Dionysius Periegetes, 117-138 A.D.

The so-called Dionysius Periegetes wrote in the time of the emperor Hadrian (117-138 A.D.) a description of the earth in 1187 verses, which perhaps on account of its simple brevity and metrical form was used in schools and widely circulated [cf. K. Miller, vi., 1898, p. 95]. But unfortunately the author has merely drawn from obsolete Greek sources, such as Homer, Hecatæus, Eratosthenes and others, and has nothing new to tell us. The whole continent was surrounded by ocean like an immense island; it was not quite circular, but somewhat prolonged in the direction of the sun’s course (i.e., towards the east and west).

After Greek scientific geography had had its most fruitful life in the period ending with Eratosthenes and Hipparchus it still sent out such powerful shoots as the physical-mathematical geographer Posidonius and the descriptive geographer Strabo; but after them a century and a half elapses until we hear of its final brilliant revival in Marinus of Tyre and Claudius Ptolemy, whose work was to exercise a decisive influence upon geography thirteen centuries later.

Marinus of Tyre

Marinus’s writings are lost, and we know nothing more of him than is told us by his younger contemporary Ptolemy, who has relied upon him to a considerable extent, and whose great forerunner he was. He must have lived in the first half of the second century A.D. He made an exhaustive attempt to describe every place on the earth according to its latitude and longitude, and drew a map of the world on this principle. He also adopted Posidonius’s insufficient estimate of the earth’s circumference (instead of that of Eratosthenes), and his exaggerated extension of the “œcumene” towards the east; and as this was passed on from him to Ptolemy he exercised great influence upon Columbus, amongst others, who thus came to estimate the distance around the globe to India at only half its real length. In this way Marinus and Ptolemy are of importance in the discovery not only of the West Indies, but also of North America by Cabot, and in the earliest attempts to find a north-west passage to China. Thus “accidental” mistakes may have far-reaching influence in history.

Ptolemy, circa 150 A.D.

Claudius Ptolemæus marks to a certain extent the highest point of classical geographical knowledge. He was perhaps born in Egypt about 100 A.D. He must have lived as an astronomer at Alexandria during the years 126 to 141, and perhaps longer; and he probably outlived the emperor Antoninus Pius, who died in 161 A.D., but we do not know much more of him. In his celebrated astronomical work, most generally known by its Arabic title of “Almagest” (because it first reached mediæval western Europe in an Arabic translation), he gave his well-known account of the universe and of the movements of the heavenly bodies, which had such great influence in the later Middle Ages, and on Columbus and the great discoveries. His celebrated “Geography” in eight books (written about 150 A.D.) is, as he himself tells us, for the most part founded upon the now lost work of Marinus, and shows a great advance in geographical comprehension upon the practical but unscientific Romans. With the scientific method of the Greeks an attempt is here made to collect and co-ordinate the geographical knowledge of the time into a tabulated survey, for the most part dry, of countries, places and peoples, with a number of latitudes and longitudes, mostly given by estimate. His information and names are in great part taken from the so-called “Itineraries,” which were tabular and consisted chiefly of graphic routes for travellers with stopping-places and distances, and which were due for the most part to military sources (especially the Roman campaigns), and in a less degree to merchants and sailors.
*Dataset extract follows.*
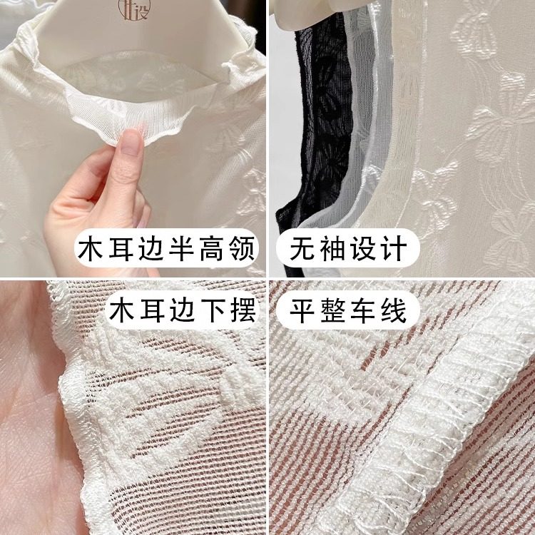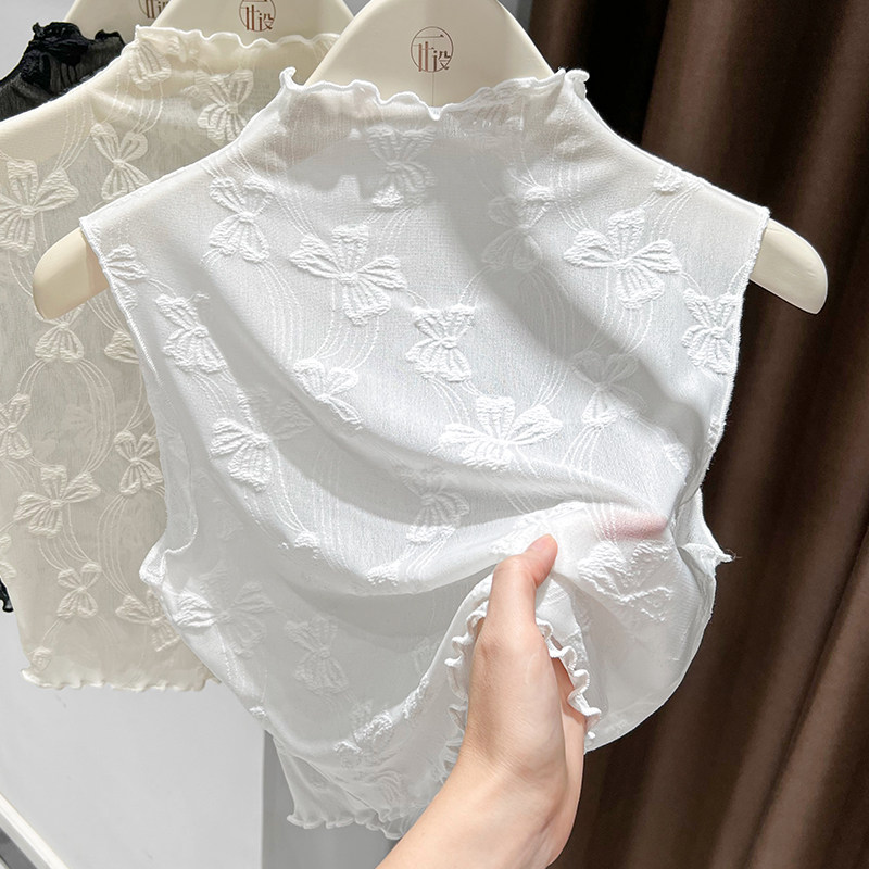 女百搭高档木耳边半高领无袖背心网纱打底衫内搭叠穿蕾丝假领子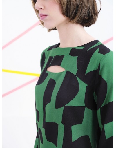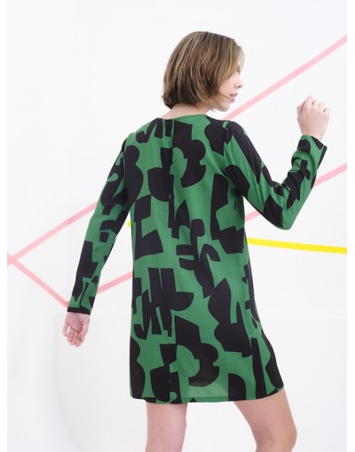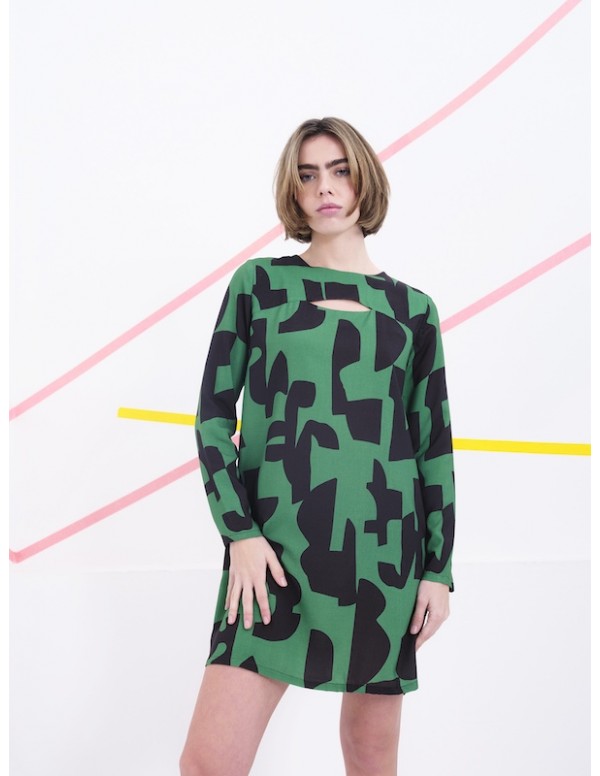Este vestido corto de manga larga es una pieza gráfica y contemporánea que combina estructura con expresión visual. Confeccionado en un vibrante tono verde, se adorna con un estampado negro de formas abstractas que aportan dinamismo y personalidad. El diseño incluye un cut-out rectangular en el escote, que rompe con la silueta clásica y añade un toque audaz y moderno. Su largo mini y corte recto permiten libertad de movimiento, mientras que el tejido ligero lo convierte en una opción versátil para el día o la noche. Una prenda pensada para quienes buscan vestir con identidad, fuerza y sensibilidad artística.

Cartographical representation was by him radically improved by the introduction of correct projections, with converging meridians, of which a commencement had already been made by Hipparchus. His atlas, which may originally have been drawn by himself, or by another from the detailed statements in his geography, gives us the only maps that have been preserved from antiquity, and thus has a special interest.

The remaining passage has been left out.